Home-page: https://github.com/fidelity/stoke
Author: FMR LLC
License: UNKNOWN
Project-URL: Source, https://github.com/fidelity/stoke
Project-URL: Documentation, https://fidelity.github.io/stoke/
Project-URL: Bug Tracker, https://github.com/fidelity/stoke/issues
Description: [![Stoke](https://raw.githubusercontent.com/fidelity/stoke/master/resources/images/logo_and_text.png)](https://fidelity.github.io/stoke/)
        > Add a little accelerant to your torch
        
        [![License](https://img.shields.io/badge/License-Apache%202.0-9cf)](https://opensource.org/licenses/Apache-2.0)
        [![Python](https://img.shields.io/badge/python-3.6+-informational.svg)]()
        [![Style](https://img.shields.io/badge/code%20style-black-000000.svg)](https://github.com/psf/black)
        ![Lint](https://github.com/fidelity/stoke/workflows/lint/badge.svg?branch=master)
        ![Docs](https://github.com/fidelity/stoke/workflows/docs/badge.svg)
        ---
        
        ## About
        
        `stoke` is a lightweight wrapper for PyTorch that provides a simple declarative API for context switching between 
        devices (e.g. CPU, GPU), distributed modes, mixed-precision, and PyTorch extensions. This allows you to switch from 
        local full-precision CPU to mixed-precision distributed multi-GPU with extensions (like optimizer state sharding) 
        by simply changing a few declarative flags. Additionally, `stoke` exposes configuration settings for every 
        underlying backend for those that want configurability and raw access to the underlying libraries.
        
        In short, `stoke` is the best of 
        [PyTorch Lightning Accelerators](https://pytorch-lightning.readthedocs.io/en/latest/extensions/accelerators.html) 

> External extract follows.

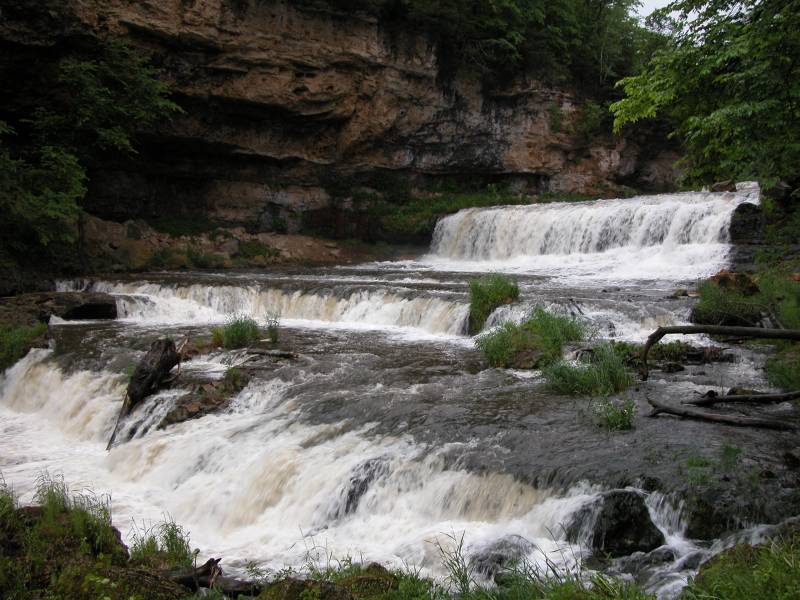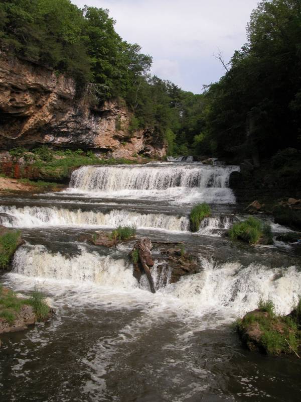 Willow Falls is located in Willow River State Park, about 10 miles northeast of Hudson Wisconsin. In my opinion either Willow Falls or Lower Potato Falls is the most impressive waterfall in the state. The falls, which is at least 100 feet wide, consists of several drops, the largest of which is about 15 feet high. The uppermost drops are only visible from the rim. This is a good sized river and creates an impressive display as it tumbles down on its way to meet the much larger St. Croix River.

        disconnected from the rest of PyTorch Lightning. Write whatever PyTorch code you want, but leave device and backend 
        context switching to `stoke`.
        
        ## Supports
        
         * Devices: CPU, GPU, multi-GPU
         * Distributed: [DDP](https://pytorch.org/docs/stable/generated/torch.nn.parallel.DistributedDataParallel.html#torch.nn.parallel.DistributedDataParallel), [Horovod](https://horovod.readthedocs.io/en/stable/index.html), [deepspeed](https://github.com/microsoft/DeepSpeed) (via DDP)
         * Mixed-Precision: [AMP](https://pytorch.org/docs/stable/amp.html), [Nvidia Apex](https://github.com/NVIDIA/apex), [deepspeed](https://github.com/microsoft/DeepSpeed) (custom APEX like backend)

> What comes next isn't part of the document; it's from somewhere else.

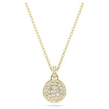 This galaxy-inspired pendant will bring dazzling impact to any style. The gold-tone plated design is worn on a delicate chain with a lobster closure and features a domed meteor motif that is beautifully adorned with a snow pavé of clear round crystals in different sizes. Wear it as a wondrous piece of light-catching joy. Article…

         * Extensions: [fairscale](https://github.com/facebookresearch/fairscale) (Optimizer State Sharding, Sharded DDP, Fully Sharded DDP), [deepspeed](https://github.com/microsoft/DeepSpeed) (ZeRO Stage 0-3, etc.)
        
        ## Benefits/Capabilities
        
        - Declarative style API -- allows you to declare or specify the desired state and let `stoke` handle the rest
        - Mirrors base PyTorch style `model`, `loss`, `backward`, and `step` calls
        - Automatic device placement of model(s) and data
        - Universal interface for saving and loading regardless of backend(s) or device
        - Automatic handling of gradient accumulation and clipping
        - Common `attrs` interface for all backend configuration parameters (with docstrings)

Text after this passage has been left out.